It's a good idea to ask for specific examples rather than really general questions. It's hard to answer statements like the one you wrote here.

The answer to your question depends on if you mean by hand vs. computer, only basic algebra versus logarithms, etc. - Nov 3rd 2009, 06:57 AMStuck Man
e^x + 3e^y = 3

e^2x - 9e^2y = 6

The answer has to be expressed as logs to base e.
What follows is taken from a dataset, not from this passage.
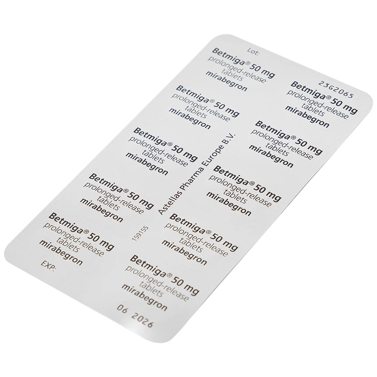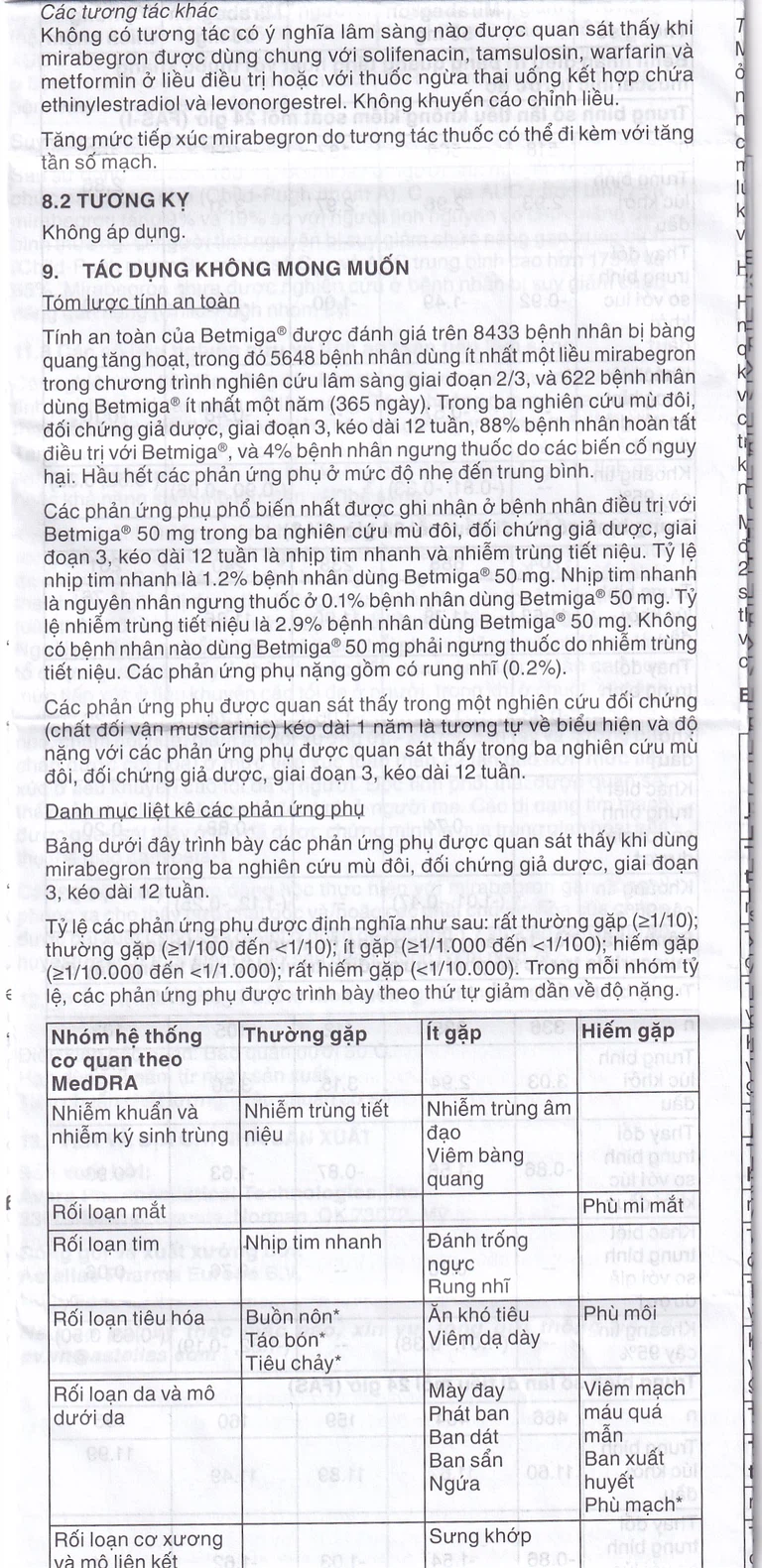 Các phản ứng phụ phổ biến nhất được ghi nhận ở bệnh nhân điều trị với Betmiga 50 mg trong ba nghiên cứu mù đôi, đối chứng giả dược, giai đoạn 3, kéo dài 12 tuần là nhịp tim nhanh và nhiễm trùng tiết niệu. Tỷ lệ nhịp tim nhanh là 1.2% bệnh nhân dùng Betmiga 50 mg. Nhịp tim nhanh là nguyên nhân ngưng thuốc ở 0.1% bệnh nhân dùng Betmiga 50 mg. Tỷ lệ nhiễm trùng tiết niệu là 2.9% bệnh nhân dùng Betmiga 50 mg. Không có bệnh nhân nào dùng Betmiga 50 mg phải ngưng thuốc do nhiễm trùng tiết niệu. Các phản ứng phụ nặng gồm có rung nhĩ (0.2%).

I have the answers and they seem to be correct. - Nov 3rd 2009, 07:09 AMalexmahone
$\displaystyle e^x+3e^y=3$

$\displaystyle e^{2x}-9e^{2y}=6$

$\displaystyle (e^x)^2-(3e^y)^2=6$

$\displaystyle (e^x+3e^y)(e^x-3e^y)=6$

$\displaystyle 3(e^x-3e^y)=6$

$\displaystyle e^x-3e^y=2$

$\displaystyle 2e^x=5$

$\displaystyle e^x=\frac{5}{2}$

$\displaystyle x=ln (\frac{5}{2})$

$\displaystyle 6e^y=1$

$\displaystyle e^y=\frac{1}{6}$

$\displaystyle y=ln(\frac{1}{6})=-ln 6$ - Nov 4th 2009, 03:42 AMStuck Man
Thanks.